Похоже, что он останется вскоре последним из живущих здесь участников штурма города. К школе он подъезжал на такси, последнее время стали сдавать ноги, особенно правая, в которой остался минный осколок. Да и не только в осколке было дело, когда тебе за восемьдесят. Первыми отказывают ноги.
Остро боль ощущалась весной. В этом году весна была ранней и солнечной, но именно в начале мая, когда зацвела черемуха, заметно похолодало. В этот день ночью даже были заморозки. Пришлось надеть плащ с меховой подкладкой.
Шофер такси, подвозивший его к школе, вышел из машины и предупредительно открыл дверцу, и даже хотел проводить в само здание. Епифанцев отстранил его руку.
Распахнул плащ, на лице шофера расплылась радостная улыбка. Наверное, никогда не видел столько наград. Под плащом был на Епифанцове парадный китель, который надевал он только по самым торжественным дням. Или, если приходилось идти на прием к высокопоставленным чиновникам, чтобы добиться очередной льготы.
У входа в школу его уже ждали. Две девочки с букетами белых роз. Высокие, голенастые, в коротких юбках. И еще за ними, сразу и не заметил, сухонькая юркая женщина – учительница. Выскочила вперед, ухватилась за его руку и затараторила.
«Уж так ждали мы вас, так ждали, все боялись перехватит первый лицей, они всегда у нас знаменитых людей перехватывают! Для нас ваш приход так много значит, вы даже не представляете!»
Они поднялись по деревянной лестнице на второй этаж, и все время, пока он медленно одолевал ступени, говорила беспрестанно. Вошли в просторный класс, и она все продолжала говорить. Когда они появились в дверях, ученики дружно встали. Был это седьмой класс, но все были рослые, особенно девицы, все одеты празднично. И окна в классе были широкие, и все было вокруг залито солнечным светом.

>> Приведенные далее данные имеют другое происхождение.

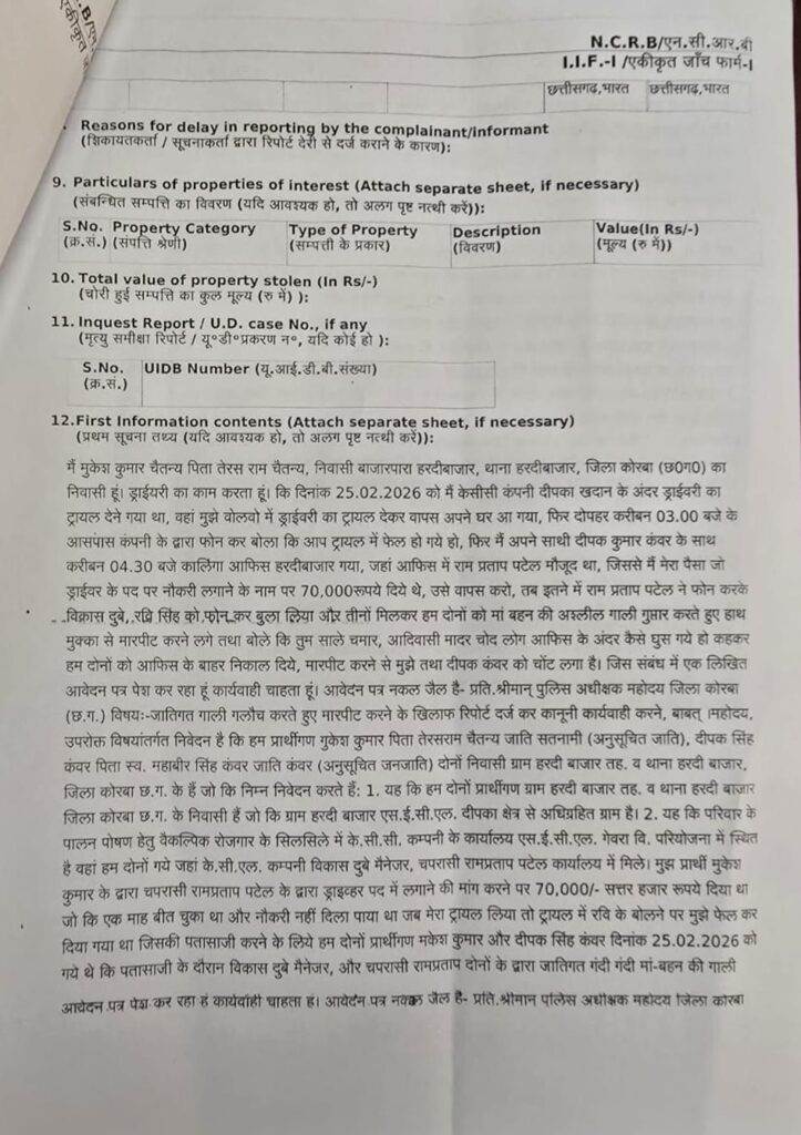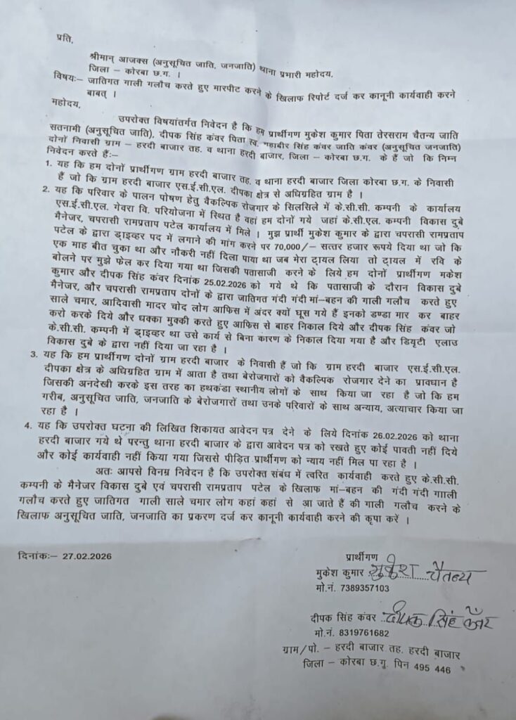 एसईसीएल दीपका परियोजना में कार्यरत निजी कंपनी के.सी.सी. (KCC) के अधिकारियों पर नौकरी दिलाने के नाम पर ठगी, मारपीट और जातिगत अपमान का गंभीर आरोप लगा है। मामले में हरदीबाजार पुलिस ने कंपनी के मैनेजर सहित तीन लोगों के खिलाफ भारतीय न्याय संहिता (BNS) और एससी/एसटी अत्याचार निवारण अधिनियम के तहत FIR दर्ज कर जांच शुरू कर दी है।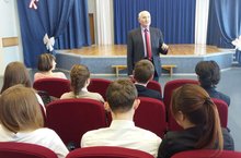 Сегодня в нашей школе прошел Урок мужества "Офицер – профессия героическая", который провел офицер запаса Кавылин Андрей Витальевич с учениками 9 и 11 классов. В беседе обсуждали вопрос о будущей профессии, а именно о военной. "Профессия офицера – это педагогическая профессия. Ежегодно для военной службы в подразделения приходят 18-летние мальчишки. Их необходимо обучить военной специальности и привить им соответствующие психологические качества. Эту задачу исполняет офицер. Он - педагог, он — воспитатель. Труд не простой, но благодарный. Если угодно, армия - это своеобразный военный университет", - прокомментировал Андрей Витальевич. Так же он рассказал о Военных профессиональных образовательных организациях Министерства Обороны Российской Федерации.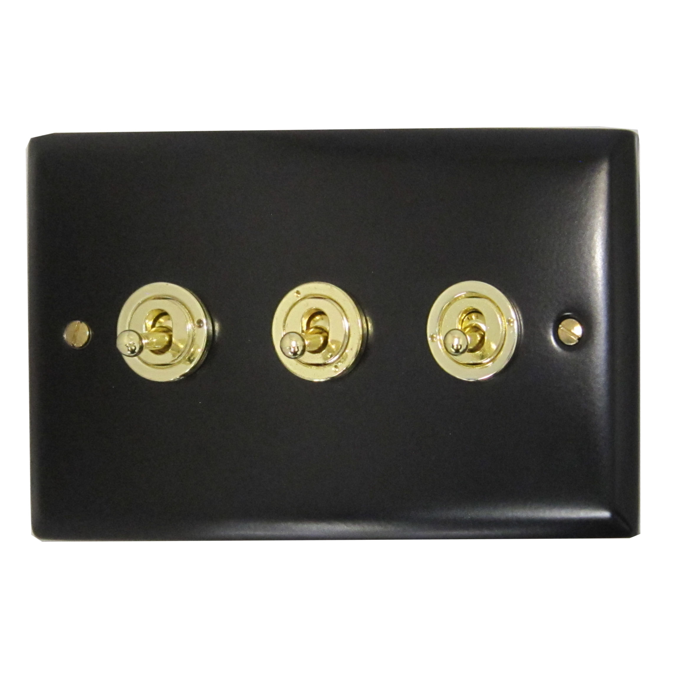 Spectrum Flat Black Toggle Grid Plate (3 Gang/Polished Brass Toggles) - G+H SFB83-PB
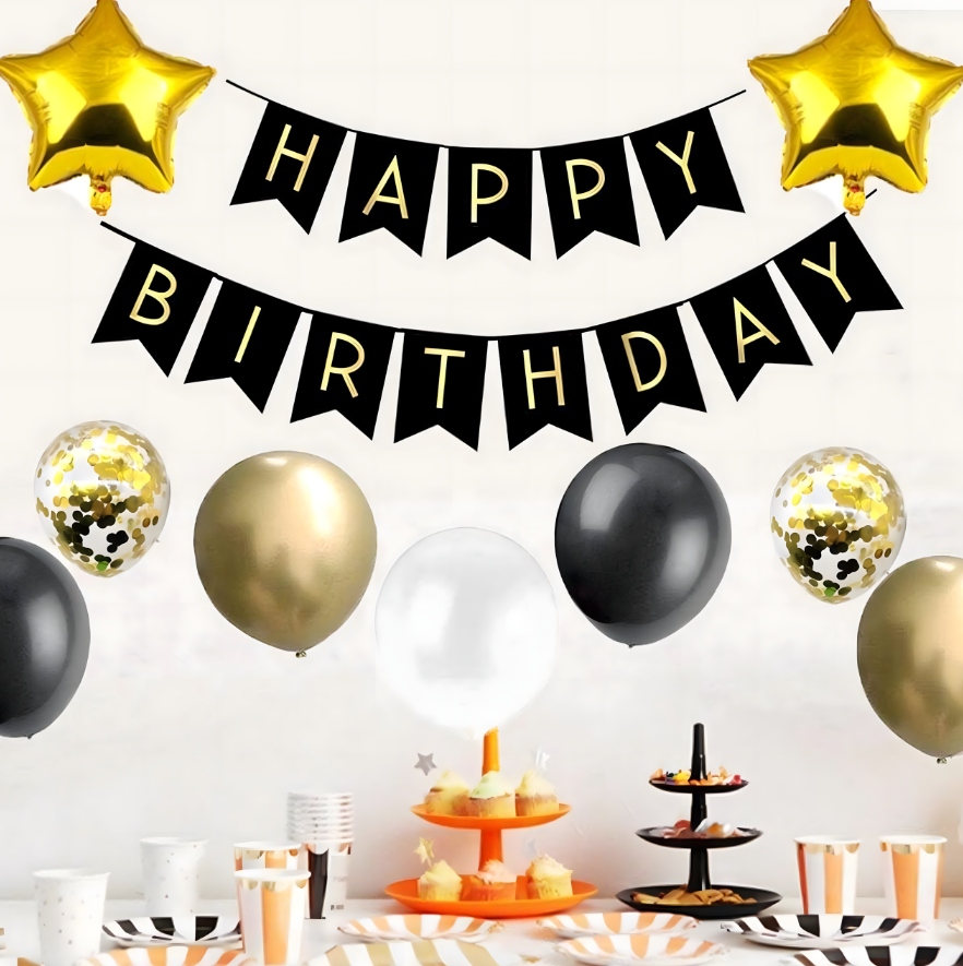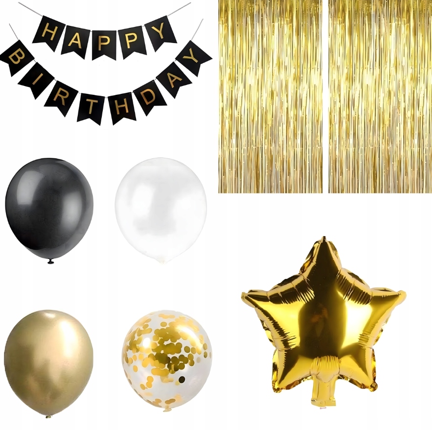 Elegancki zestaw dekoracyjny w odcieniach czerni, złota i bieli z dodatkiem złotego konfetti to efektowny sposób na podkreślenie wyjątkowego jubileuszu. Kompletny zestaw pozwala stworzyć imponującą aranżację wnętrza lub przestrzeni na świeżym powietrzu, a złota kurtyna i baner „Happy Birthday” tworzą idealne tło do pamiątkowych zdjęć.

Его усадили на специально для него принесенный стул, скорее даже не стул, а кресло, а учительница встала впереди него и начала скороговоркой, захлебываясь от слов, рассказывать о его подвигах и наградах, освобождая его тем самым от казенных и длинных фраз, он слушал ее невнимательно, всматривался в лица, ловил любопытные и восторженные взгляды.

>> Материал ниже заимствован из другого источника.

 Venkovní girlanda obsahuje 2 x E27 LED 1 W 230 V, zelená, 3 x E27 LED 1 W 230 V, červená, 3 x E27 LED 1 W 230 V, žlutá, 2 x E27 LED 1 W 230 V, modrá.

Они, особенно девицы, видели в нем героя, сильного человека, человека–легенду, который все может и на долю которого пришлось то далекое время, когда надо было рисковать жизнью. «В сражении под Вязьмой, – продолжала учительница, – Семен Евграфович со своим взводом сдержал напор фашистских танков, это было тяжелое время, враг рвался к Москве…»
Говорила она, словно была там, под Вязьмой, голос ее дрожал. Переживала задним числом за него и за тех, кто пал там, под Вязьмой. Вот, подумал Епифанцев, ей все ясно – сдержали напор. А был такой адский круговорот, такой огонь кругом, что хотелось зарыться в землю, хотелось в невидимку превратиться. И никуда было не деться, никуда не убежать. А потом, в колонне пленных, тоже никуда было не деться. И в том поле, где их тысяч, наверное, десять бросили, закольцевали колючей проволокой. Бросили почти без охраны и без еды, на жаре, люди не выдерживали – умирали, казалось, никакого спасения, если бы не вербовщик…

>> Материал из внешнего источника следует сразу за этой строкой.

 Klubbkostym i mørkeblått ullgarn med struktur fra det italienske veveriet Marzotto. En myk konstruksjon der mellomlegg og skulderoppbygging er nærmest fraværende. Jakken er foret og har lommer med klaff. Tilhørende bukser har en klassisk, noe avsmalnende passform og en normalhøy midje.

Об этом она, конечно, не знала. И не надо ни ей, ни тем более детям знать. А говорила она о наградах, о том, сколько он подбил танков, о том, что он был настоящим русским богатырем. Говорила, словно статью из газеты читала, ту статью, что лет десять назад написал столичный журналист. Этому журналисту Епифанцев сам много небылиц наговорил, да тот еще добавил, подкрасил. Тогда еще многие ветераны были живы. Епифанцев старался, чтобы концы с концами сходились, сейчас можно было бы и пошире развернуться. Особенно о штурме города.
Участник штурма, последний живой участник. Обещали в мэрии, что будут присваивать звание почетного гражданина, а это солидная добавка к пенсии. Пусть и солидная, но надо отказаться, просили, чтобы заявление написал, начнут копать. Столько лет прошло. Самому уже кажется, что все было так, как сейчас учительница рассказывала.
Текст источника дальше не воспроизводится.